誰かじゃなくて-『熱血ポンちゃんが行く!』山田詠美さん

文芸

 

恋する相手が見つからなくて困っているという手紙が来たこともあった。ポンちゃんにこう言われても困るよね。昔、小学校の頃だったか、「本を読みたいという人と、読む本が欲しいという人の間には、大きな違いがある」と、ベーコンという哲学者(だと思うけど、よく知らない。おいしそーな名前だなあと思って記憶している)の言葉を読んで、なるほどと思ったことがあるけれど、まさに、恋にもそのことがあてはまると思う。
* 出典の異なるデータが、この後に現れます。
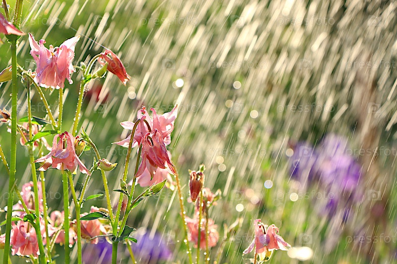 Баннер для экрана с цветами водосбора под дождем. Абстрактный цветочный весенний расфокусированный фон в пастельных тонах с мягким фокусом и боке, красивая яркая поздравительная открытка, приглашение, сезонная концепция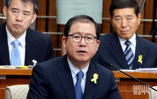 이성한 경찰청장이 9일 서울 여의도 국회에서 열린 세월호침몰사고진상규명국정조사 특별위원회 전체회의에서 의원들의 질의에 답하고 있다.

恋する相手がいないと言っている人には、永遠に恋人など出来ないだろう。いつだって、恋をしたいと思っている人は、素敵な恋を呼び寄せる。常に、心も体も準備OKにしていないと、快調なスタートは切れないものである。彼が出来たら身につけようなんて、とっておきの下着をクロゼットにしまっておくようでは駄目である。そういう人は、永遠にたんすの肥やしを増やすだけだ。 

 

 

 

 私は、いつも思うんだけど、いい女とそうじゃない女の境目って、いつ恋に落ちてもいいように準備しておくか、否かにあるんじゃないだろうか。ひとりでいるからこそ、とっておきの下着を身につけるという心の状態が、とっておきの男を呼び寄せるのである。彼が出来たら、おいしい料理を作って、このお皿で出すの、みたいな素敵な食器があるんだったら、普段の食事に使うべき。デートの時にこの香水を使おう、と高価な香水を買ってある人は、その香水なしでも、同じ匂いが漂うくらいに、日常生活で使いこなしたほうがいいと思うよ。香りっていうのは、飛んじゃうものだし、恋心だって、それと同じ。いつか出会う人のために貯えておいたら、無駄になるばかりである。人に恋する気持は、なま物である。腐らない内に、どんどん使わなくては。もっとも、どんどん使い過ぎるポンちゃんのようにお尻が軽いと言われるようになるのは、行き過ぎである。

    『熱血ポンちゃんが行く!』 山田詠美

 

熱血ポンちゃんが行く! (講談社文庫)
 


恋する乙女たちに捧げたい一節、いや、二節ですね(笑)

別に、人生は恋するためだけにあるわけでないので、

人それぞれだけど、さすが、

ある真実を物語っているというわけで

感心したくだりだったかな。

それに、誰かじゃなくて、まず、自身をもてなさないとね…と

老婆心ながら、おばさんも思うのでした。